Given data:
------------------------------------------------

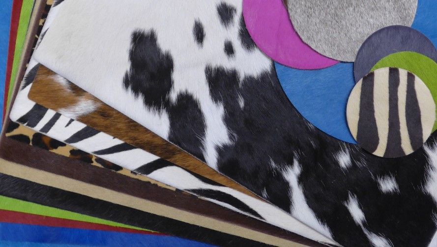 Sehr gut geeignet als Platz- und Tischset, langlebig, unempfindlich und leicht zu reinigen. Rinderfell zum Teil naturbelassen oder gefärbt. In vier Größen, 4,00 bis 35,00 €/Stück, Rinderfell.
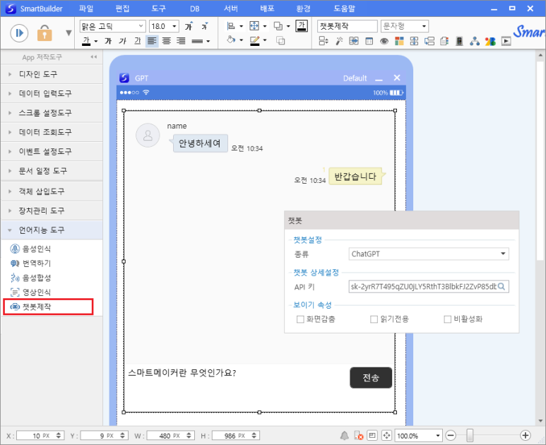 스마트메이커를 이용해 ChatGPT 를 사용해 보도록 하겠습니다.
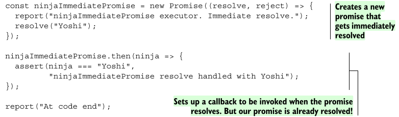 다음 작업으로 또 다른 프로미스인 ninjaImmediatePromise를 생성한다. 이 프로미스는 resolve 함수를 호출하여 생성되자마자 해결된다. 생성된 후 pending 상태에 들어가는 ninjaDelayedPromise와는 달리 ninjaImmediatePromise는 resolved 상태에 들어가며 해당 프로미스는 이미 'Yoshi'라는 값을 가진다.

------------------------------------------------

Work task: Write out the material above exactly. Skip the pictures.

Solution for this exercise:
 Sehr gut geeignet als Platz- und Tischset, langlebig, unempfindlich und leicht zu reinigen. Rinderfell zum Teil naturbelassen oder gefärbt. In vier Größen, 4,00 bis 35,00 €/Stück, Rinderfell.
 스마트메이커를 이용해 ChatGPT 를 사용해 보도록 하겠습니다.
 다음 작업으로 또 다른 프로미스인 ninjaImmediatePromise를 생성한다. 이 프로미스는 resolve 함수를 호출하여 생성되자마자 해결된다. 생성된 후 pending 상태에 들어가는 ninjaDelayedPromise와는 달리 ninjaImmediatePromise는 resolved 상태에 들어가며 해당 프로미스는 이미 'Yoshi'라는 값을 가진다.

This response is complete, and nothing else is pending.